Il ruolo dell’insegnante è certamente qualcuno che va proponendo, nel senso che le ha sperimentate su di
sé. Più che un conduttore è un compositore di situazioni capaci di dare spazio alla possibilità del soggetto.
L’insegnante è un esperto, non tanto nei contenuti, quanto nell’implementazione di processi in grado di
dare voce ai soggetti. Il ruolo dell’insegnante è quello di restare un passo indietro, saper ascoltare per
essere esempio di ascolto. L’ascolto e il silenzio sono i modi tramite i quali l’insegnante rispetta e tutela i
racconti altrui, insegnando il rispetto delle storie.
CHE FORMA ASSUMONO SPAZI E TEMPI?
Tempi e spazi non devono soltanto contenere e incentivare l’esperienza autobiografica, ma anche essere
memoria e documento di quell’esperienza stessa. Il ruolo del contesto è quello di essere spazio di memoria
del lavoro attraverso, oltre che lo spazio di lavoro sulla memoria altrui. La documentazione diviene una
dimensione fondamentale del metodo autobiografico che può trovare negli spazi e nei tempi la propria
incarnazione.

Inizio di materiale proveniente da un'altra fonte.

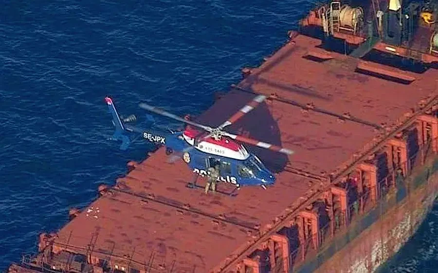 Для захвата балкера были задействованы не только скоростные катера, но и авиация. Сине-белый вертолет с надписью POLIS и бортовым номером SE-JPX завис непосредственно над палубой сухогруза. Далее на палубу с катера высадились люди в защитном снаряжении, в это время вертолет на небольшой высоте контролировал происходящее. Затем машина опустилась на палубу.

Una nota a parte merita il caso in cui l’insegnante scelga di realizzare un laboratorio
autobiografico specifico, inerente ad un tema delicato (il proprio percorso scolastico, la famiglia... ecc), in
tal caso lo spazio, e il tempo del lavoro, richiedono la predisposizione di un setting specifico. È importante
l’alternanza di diversi linguaggi, affinché ciascuno possa trovare il proprio, inoltre vi sarà alternanza di lavori
da fare in piena autonomia e riservatezza.
CHE FORMA ASSUMONO I MATERIALI DIDATTICI?
I materiali, all’intervento del metodo autobiografico, si vanno costruendo con oggetti di uso comune e
materiali multiformi. Vi sono supporti di scrittura, oggetti da comporre, immagini, fotografie, opere d’arte e
così via. Qualsiasi cosa può essere punto di partenza per un lavoro autobiografico, esempi:
- Gli odori, le sensazioni tattili, le fotografie, ripensare i luoghi della propria storia.
Vi sono alcuni punti fermi che caratterizzano la programmazione di un lavoro autobiografico in termini
laboratoriali:
- Pluralità dei linguaggi, affinché ciascuno possa trovare il proprio;
- Processualità delle consegne;
- Ricorsività dei processi;
- Clima di ascolto e attenzione reciproca;
- Ritualità di apertura e chiusura degli incontri.
LA VALUTAZIONE DEL METODO AUTOBIOGRAFICO
Per l’insegnante si tratta di valutare nel senso di attribuire valore a ciò che viene prodotto per il solo fatto
che è stato narrato, scritto, condiviso. Richiede una particolare attenzione, ogni qualvolta in sede di
valutazione venga chiesto all’altro di raccontarsi. La valutazione assume nel metodo autobiografico un
taglio assai differente. La valutazione, diviene, cioè autovalutazione: rilettura del proprio pensare e del
proprio sapere, tramite il quale si è andati costruendo il proprio conoscere. Il metodo autobiografico invita
il docente a costruire spazi di riflessione e di autovalutazione per gli alunni.
COME COMINCIARE
Il metodo ha principalmente a che fare con la postura, di ascolto, accoglienza, riconoscimento dell’unicità
dei soggetti che si hanno di fronte e della classe che va raccontando e costruendo la propria storia. L’inizio è
giocato nella capacità del docente di pensare per storie. Il punto di partenza di ogni lavoro autobiografico è
la condivisione del senso e del metodo, la costruzione di un patto formativo che precisi le regole del gioco,
da costruirsi insieme, bambini e insegnanti.
ESEMPI:
L’area del racconto la predisposizione di momenti dedicati al racconto, diventa un’occasione per
dimostrare agli alunni che in quella classe le storie sono ben accette e ben volute.
- Il gruppo deve darsi un proprio ritmo.
- Condividere non è obbligatorio e commentare non è necessario.
L’area della testimonianza si tratta di lavorare con gli alunni non solo sul contenuto, ma anche
sulla forma: invitandoli a tenere memoria e a cercare la memoria necessaria.
L’area della documentazione qualsiasi condivisione con gli alunni delle strategie di
documentazione dell’apprendimento diventano occasioni di lavoro interessanti e preziose per
ragionare sul senso della memoria, sul significato del <<tenere traccia>>.
CONCLUSIONI
Il metodo autobiografico a scuola invita al rispetto, a una postura di umiltà e di ascolto da parte del docente
che è propedeutica a qualsiasi lavoro, a qualsiasi pratica.